Continue the previous chapter to organize the HDFs related configuration items

Name Value Description
Dfs.default.chunk.view.size 32768 The content display size for each file in the HTTP access page of Namenode, usually without setting.
Dfs.datanode.du.reserved 1073741824 The amount of space reserved for each disk needs to be set up, mainly for non-HDFS files, default is not reserved, 0 bytes
Dfs.name.dir /opt/data1/hdfs/name,
/opt/data2/hdfs/name,
/nfs/data/hdfs/name
The metadata used by NN is saved, and it is generally recommended to keep one copy on NFS, used as a 1.0 ha scenario, or on multiple drives on a single server
Dfs.web.ugi Nobody,nobody Users and groups used by the Web Tracker page server used by NN,JT, etc.

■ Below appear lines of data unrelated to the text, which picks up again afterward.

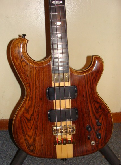 '96 Spoiler 4 string, medium scale. Bocote top, mahogany body,Maple neck w/walnut pinstripes. Standard Spoiler electronics. I purchased from another club member about a year and a half ago (here's a link to the seller's ad when I bought it-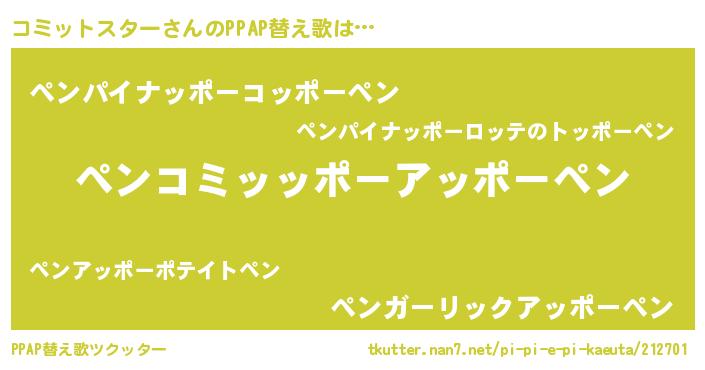 | ピコ太郎風あだ名 | 『コミ四郎』『ピココ郎』『ココ十郎』 |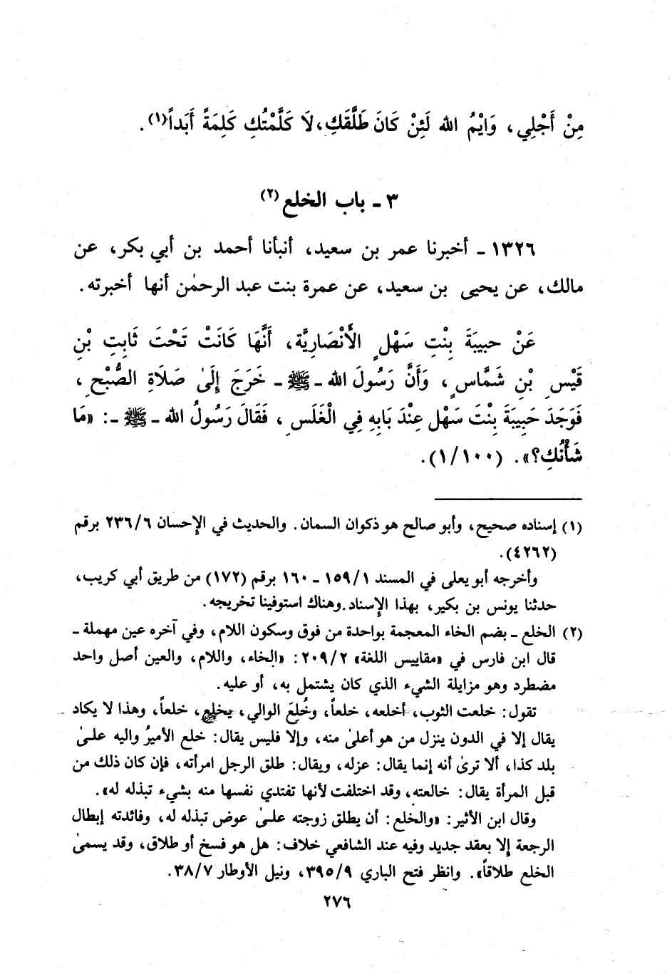 عَنْ حبيبَةَ بِنْتِ سَهْل الأنْصَارِيَّة، أَنَّهَا كَانَتْ تَحْتَ ثَابِتِ بْنِ قَيْسِ بْنِ شَمَّاس، وَأَنَّ رَسُولَ الله - صلى الله عليه وسلم - خَرَجَ إلَى صَلاةِ الصُّبْحِ، فَوَجَدَ حَبِيبَةَ بِنْتَ سَهْل عِنْدَ بَابِهِ فِي الْغَلَسِ، فَقَالَ رَسُولُ الله - صلى الله عليه وسلم -:"مَا شَأنُكِ؟ ". (100/ 1).
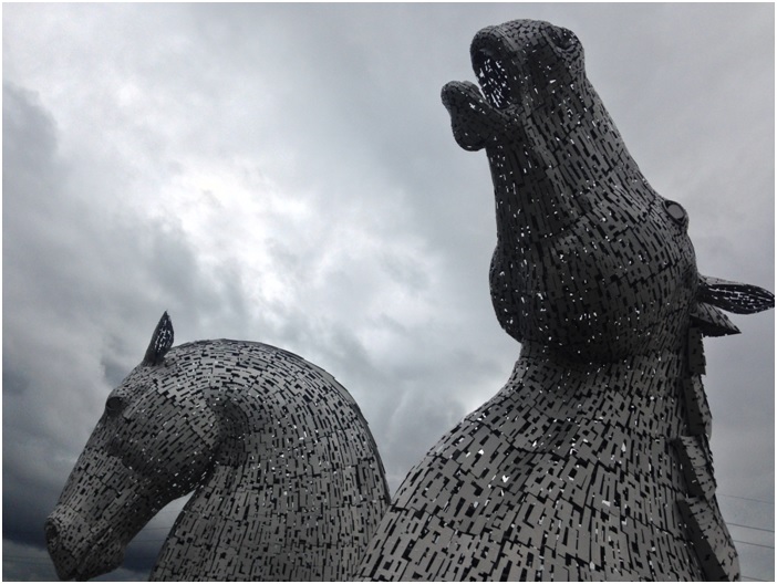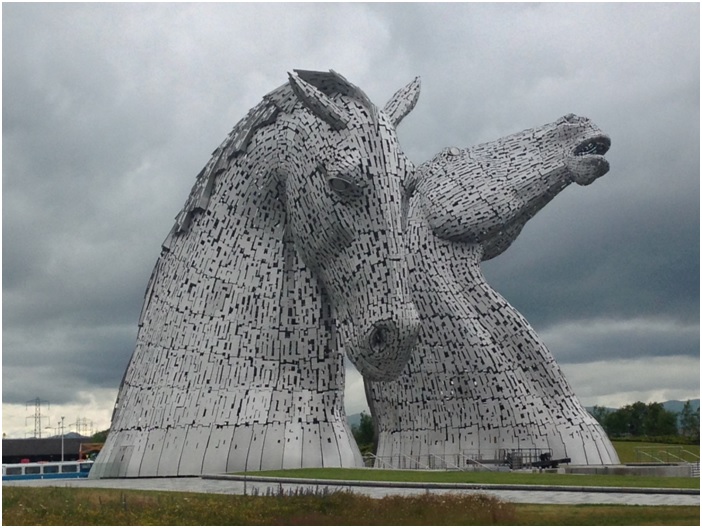 Kelpies heykelleri Edinburgh ile Glasgow arasında, Falkirk denen bölgede kalıyor. Yaklasık 30 metre boyunda, tamamıyla metalden yapılmış at başı heykelleri. Aslında çok yeni, 2013 yılında inşa edilmiş, 2014 yılında da ziyarete açılmış. İskoçya’nın sayesinde yükselen ve endüstriye geçişte kullanılan tarihi mirasının atlar olması sebebiyle at heykelleri seçilmiş. Kelpie İskoç mitolojisinde geçen bir tür su kenarında yaşayan periymiş, ama 10 at gücündeymiş.

Dfs.permissions true | False DFS permissions are turned on, I generally set false, through the development of tools to train others interface operation to avoid misoperation, set to true sometimes you will encounter data because the permissions can not access.
Dfs.permissions.supergroup SuperGroup Set the HDFS Super privilege group, which is supergroup by default, and the user who started Hadoop is typically superuser.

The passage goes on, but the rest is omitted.